### WHAT THE TASK REQUIRES
Your response should contain exactly the lines running from the one with "Na hladkou destičku" to the end of the data below, both included, and no pictures.

(Records from a data source)
--------

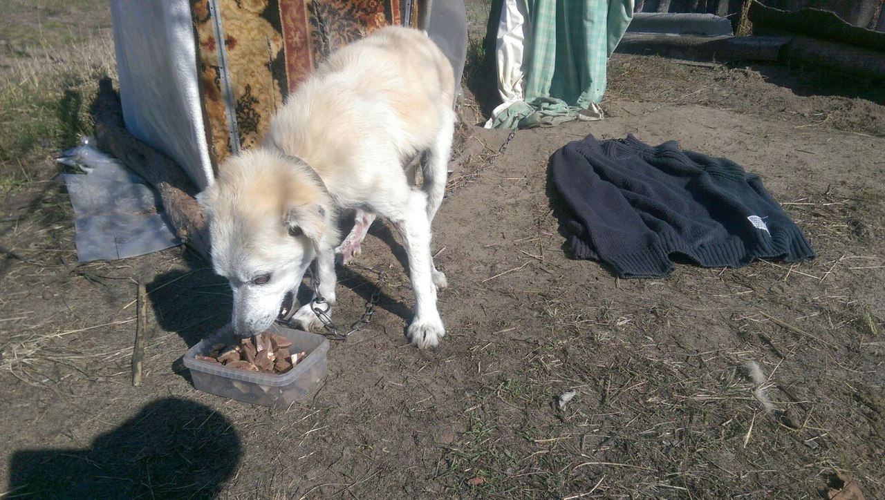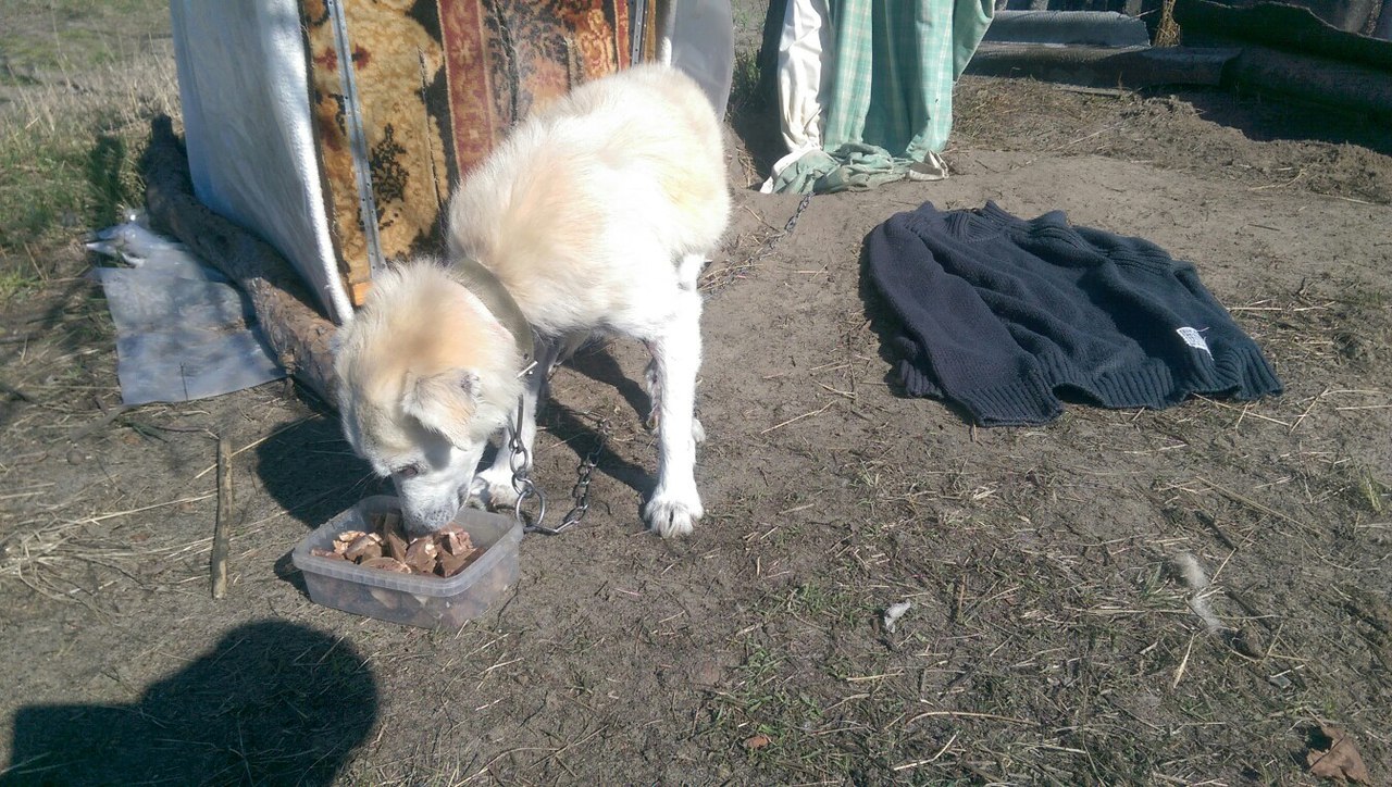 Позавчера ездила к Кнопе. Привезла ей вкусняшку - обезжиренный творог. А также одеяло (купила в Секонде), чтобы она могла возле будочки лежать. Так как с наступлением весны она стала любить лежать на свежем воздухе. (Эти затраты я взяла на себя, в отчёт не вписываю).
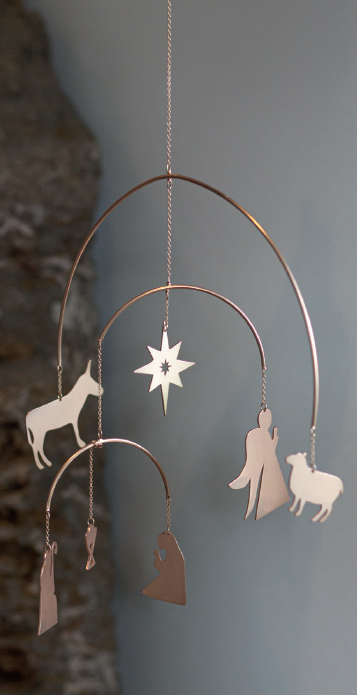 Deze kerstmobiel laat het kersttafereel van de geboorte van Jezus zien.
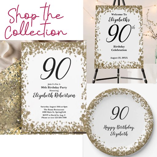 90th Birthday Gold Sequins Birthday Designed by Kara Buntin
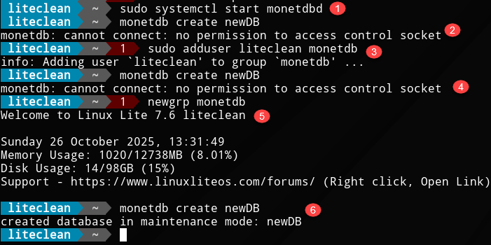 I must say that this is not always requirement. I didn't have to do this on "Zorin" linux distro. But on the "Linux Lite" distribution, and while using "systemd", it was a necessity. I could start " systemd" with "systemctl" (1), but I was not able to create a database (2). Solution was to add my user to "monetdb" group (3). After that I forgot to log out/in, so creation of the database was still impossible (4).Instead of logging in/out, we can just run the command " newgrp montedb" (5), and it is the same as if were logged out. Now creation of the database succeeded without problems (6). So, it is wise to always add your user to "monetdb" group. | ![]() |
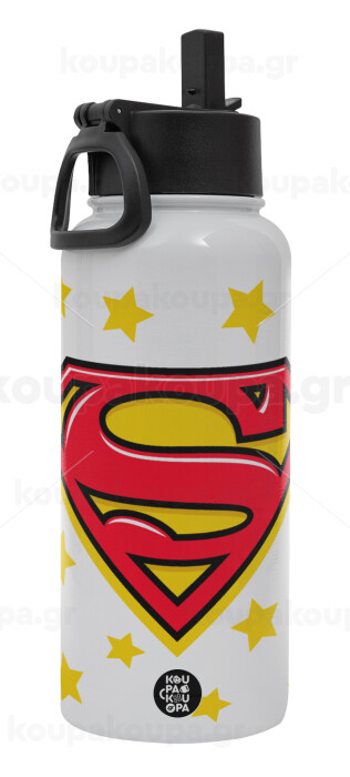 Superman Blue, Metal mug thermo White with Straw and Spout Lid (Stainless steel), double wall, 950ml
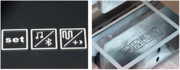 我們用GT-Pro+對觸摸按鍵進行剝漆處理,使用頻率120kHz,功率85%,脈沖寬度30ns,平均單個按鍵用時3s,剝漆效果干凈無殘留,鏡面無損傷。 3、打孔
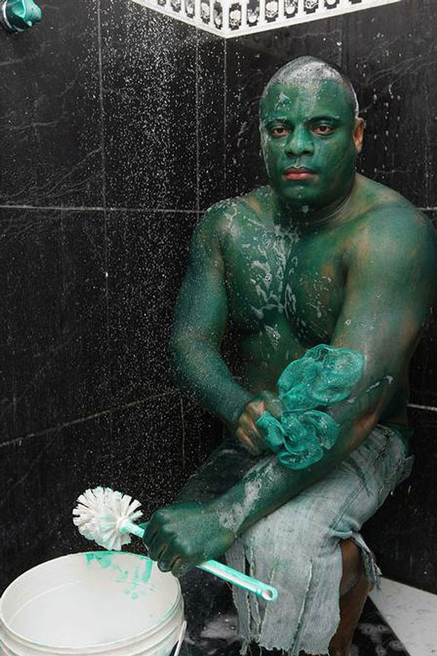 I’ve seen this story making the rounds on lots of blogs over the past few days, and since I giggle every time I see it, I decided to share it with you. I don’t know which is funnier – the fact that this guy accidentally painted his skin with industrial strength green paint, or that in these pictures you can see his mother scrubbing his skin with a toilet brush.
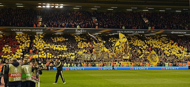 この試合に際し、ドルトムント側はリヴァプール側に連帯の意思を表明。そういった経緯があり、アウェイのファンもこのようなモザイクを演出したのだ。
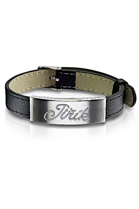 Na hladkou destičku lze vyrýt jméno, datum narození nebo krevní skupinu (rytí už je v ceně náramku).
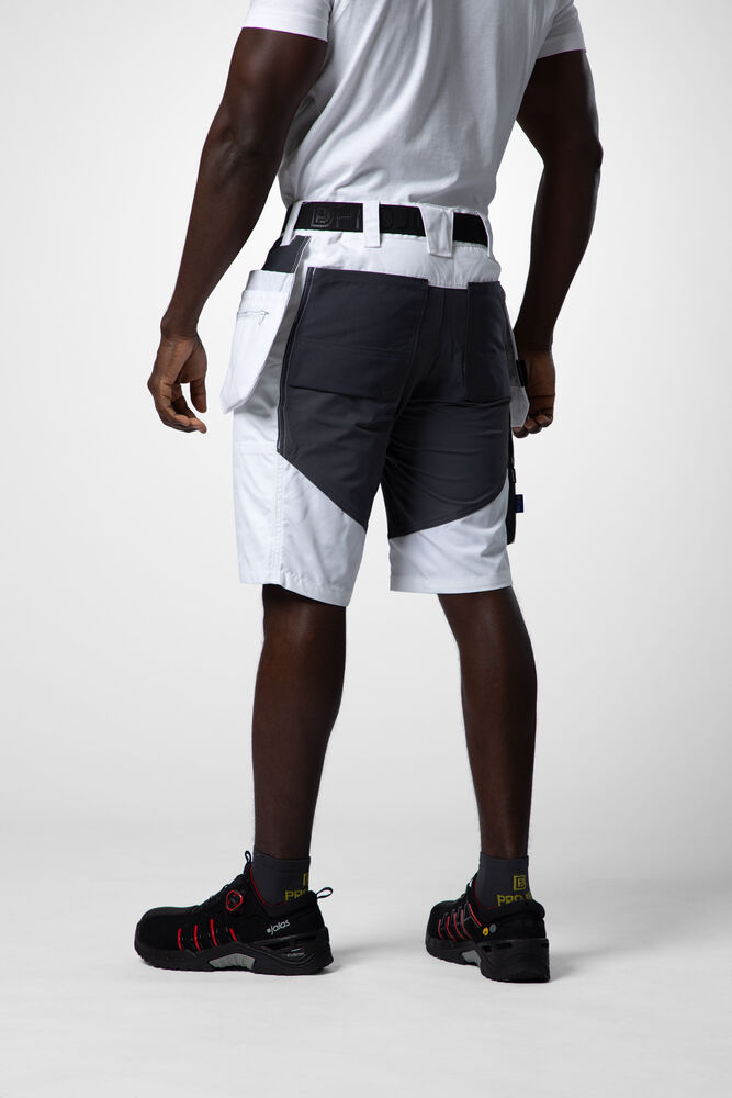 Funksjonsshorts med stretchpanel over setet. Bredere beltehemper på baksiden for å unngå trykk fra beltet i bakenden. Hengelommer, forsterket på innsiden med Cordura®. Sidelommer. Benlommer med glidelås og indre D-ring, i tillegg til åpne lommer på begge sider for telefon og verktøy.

--------

### WORKED SOLUTION
 Na hladkou destičku lze vyrýt jméno, datum narození nebo krevní skupinu (rytí už je v ceně náramku).
 Funksjonsshorts med stretchpanel over setet. Bredere beltehemper på baksiden for å unngå trykk fra beltet i bakenden. Hengelommer, forsterket på innsiden med Cordura®. Sidelommer. Benlommer med glidelås og indre D-ring, i tillegg til åpne lommer på begge sider for telefon og verktøy.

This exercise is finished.